[Dataset items]
——————————
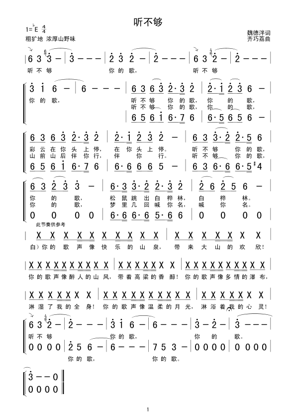 听不够简谱上传者为网友上传,原创作者为网络转载,歌曲原唱歌手为佚名,本简谱为图片格式,表现形式为,音乐性质为流行金曲。
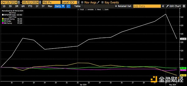 我預測“壞女孩”耶倫重新發行國債(T-bills)將為市場提供美元流動性。然而,在鮑威爾轉折講話之后,他確認將在9月降息,這兩種力量相互抵消。起初,我認為國債的凈發行會增加流動性,因為這會將反向回購計劃(RRP)抽走至零,但隨后國債收益率跌破了RRP的水平,我預測反向回購計劃會增加并抽走流動性。
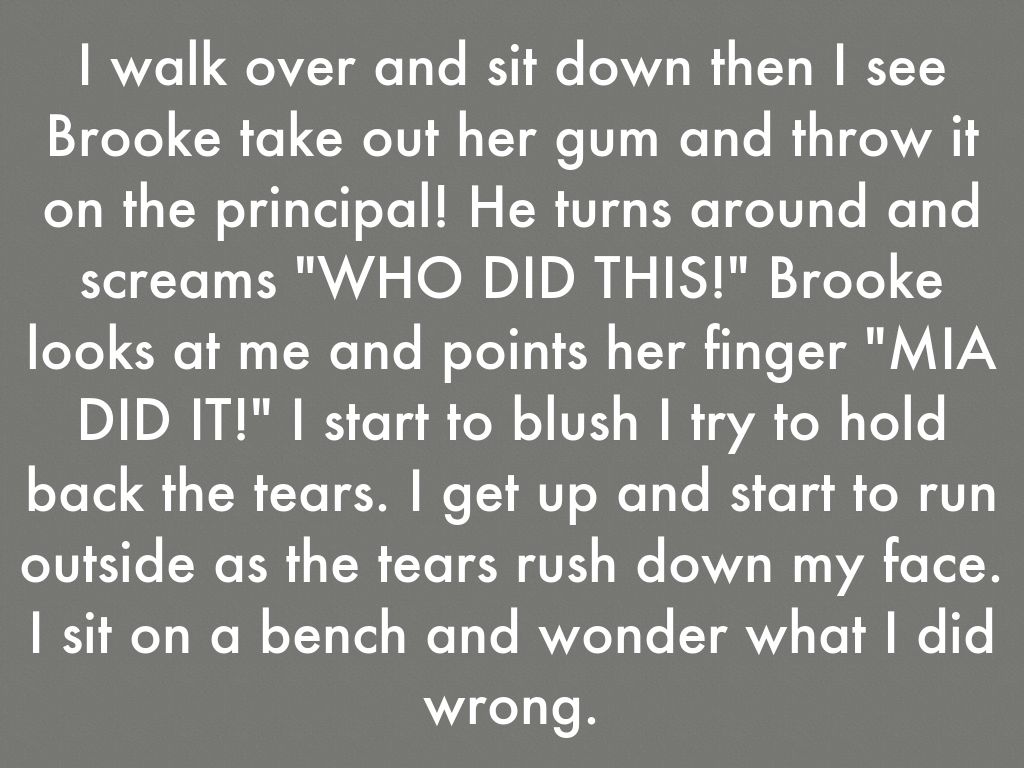 I walk over and sit down then I see Brooke take out her gum and throw it on the principal! He turns around and screams "WHO DID THIS!" Brooke looks at me and points her finger "MIA DID IT!" I start to blush I try to hold back the tears. I get up and start to run outside as the tears rush down my face. I sit on a bench and wonder what I did wrong.
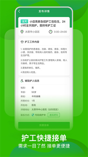 - 讓您足不出戶就能找到您滿意的護(hù)工,不僅可以給用戶帶來最貼心的服務(wù),還非常安全可靠。
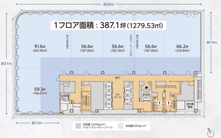 | 基準階面積(坪) | 387.1坪 |
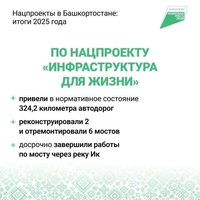 В республике строились поликлиники и ФАПы, ремонтировались школы, благоустраивались территории. На своих страницах в соцсетях глава Башкирии Радий Хабиров рассказал об итогах реализации национальных проектов в регионе за прошлый год. В частности, он отметил, что за этот период появилось 6 новых поликлиник и 134 ФАПа, было отремонтировано 35 школ, благоустроены 170 территорий, дороги, мосты, объекты коммунальной инфраструктуры и многое другое. — Всего мы вели работу по 12 новым нацпроектам. По каждому из них привлекли в республику серьезные федеральные средства. Благодарю Президента и Правительство страны за поддержку, которая позволяет нам развивать экономику, строить, обновлять, приводить в порядок ключевые объекты по всей республике – несмотря на сложные времена. Эту работу мы обязательно продолжим и в наступившем году, — подчеркнул он. Фото: соцсети главы РБ.
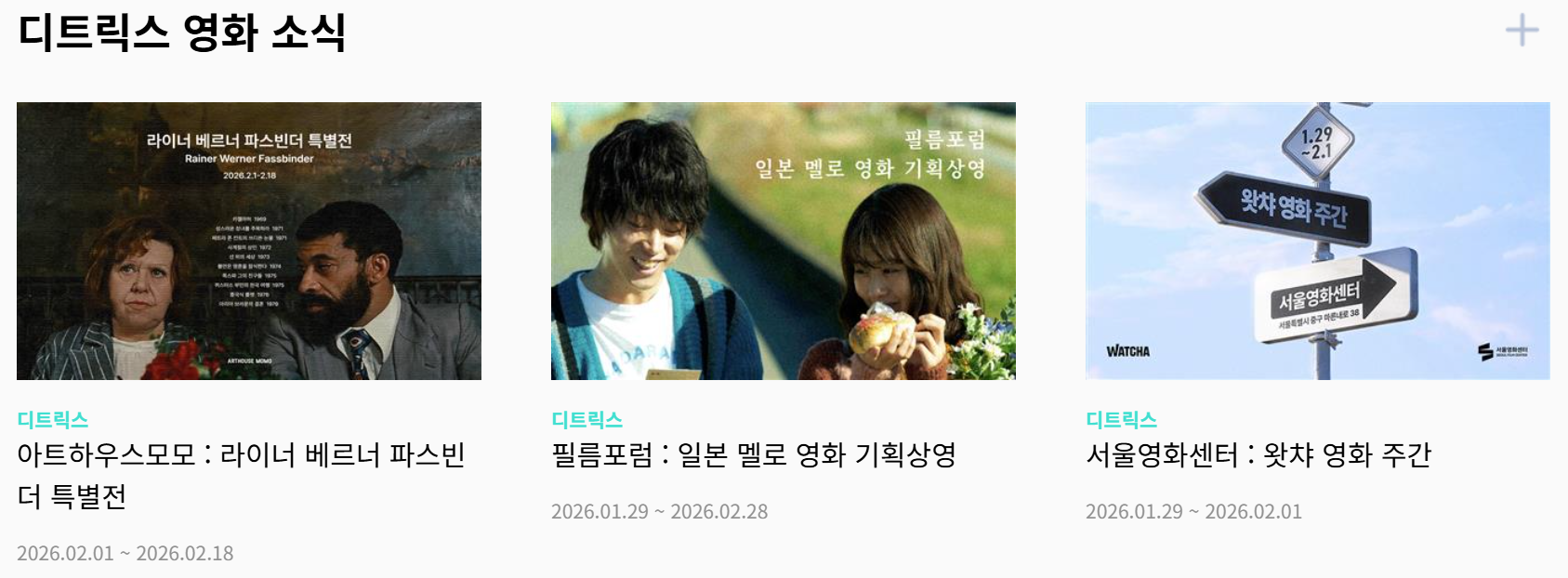 이런 식으로 최신 영화 및 극장 소식을 알려주어 기획전, 특별전 등의 정보를 손쉽게 얻을 수 있어요.
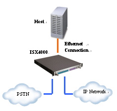 下圖顯示了一個(gè)小容量iSX4000 UAP系統(tǒng),該系統(tǒng)由一臺(tái)iSX4000 交換機(jī)和一臺(tái)主機(jī)服務(wù)器構(gòu)成,主機(jī)上運(yùn)行所有的軟件,包括主控軟件、用戶(hù)應(yīng)用程序和
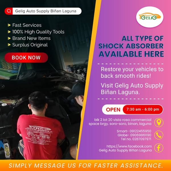 搜索关键词 auto repair, underchassis, car parts, Philippines, shock absorber, suspension repair, Gelig Auto Supply, auto service, car maintenance, Tagalog auto repair优势 Expert underchassis specialist,Fixes various underchassis problems (kalampag, tagtag, etc.),Wide range of underchassis parts available,Multiple branches across the Philippines,Warranty offered on shock absorbers,Accepts various payment methods (Cash, GCash, Online Payment)
——————————
> PROBLEM TO SOLVE:
Starting at the line that contains "В республике строились", write out every line through the end of the entries above exactly, and omit the pictures.

> TASK SOLUTION:
 В республике строились поликлиники и ФАПы, ремонтировались школы, благоустраивались территории. На своих страницах в соцсетях глава Башкирии Радий Хабиров рассказал об итогах реализации национальных проектов в регионе за прошлый год. В частности, он отметил, что за этот период появилось 6 новых поликлиник и 134 ФАПа, было отремонтировано 35 школ, благоустроены 170 территорий, дороги, мосты, объекты коммунальной инфраструктуры и многое другое. — Всего мы вели работу по 12 новым нацпроектам. По каждому из них привлекли в республику серьезные федеральные средства. Благодарю Президента и Правительство страны за поддержку, которая позволяет нам развивать экономику, строить, обновлять, приводить в порядок ключевые объекты по всей республике – несмотря на сложные времена. Эту работу мы обязательно продолжим и в наступившем году, — подчеркнул он. Фото: соцсети главы РБ.
 이런 식으로 최신 영화 및 극장 소식을 알려주어 기획전, 특별전 등의 정보를 손쉽게 얻을 수 있어요.
 下圖顯示了一個(gè)小容量iSX4000 UAP系統(tǒng),該系統(tǒng)由一臺(tái)iSX4000 交換機(jī)和一臺(tái)主機(jī)服務(wù)器構(gòu)成,主機(jī)上運(yùn)行所有的軟件,包括主控軟件、用戶(hù)應(yīng)用程序和
 搜索关键词 auto repair, underchassis, car parts, Philippines, shock absorber, suspension repair, Gelig Auto Supply, auto service, car maintenance, Tagalog auto repair优势 Expert underchassis specialist,Fixes various underchassis problems (kalampag, tagtag, etc.),Wide range of underchassis parts available,Multiple branches across the Philippines,Warranty offered on shock absorbers,Accepts various payment methods (Cash, GCash, Online Payment)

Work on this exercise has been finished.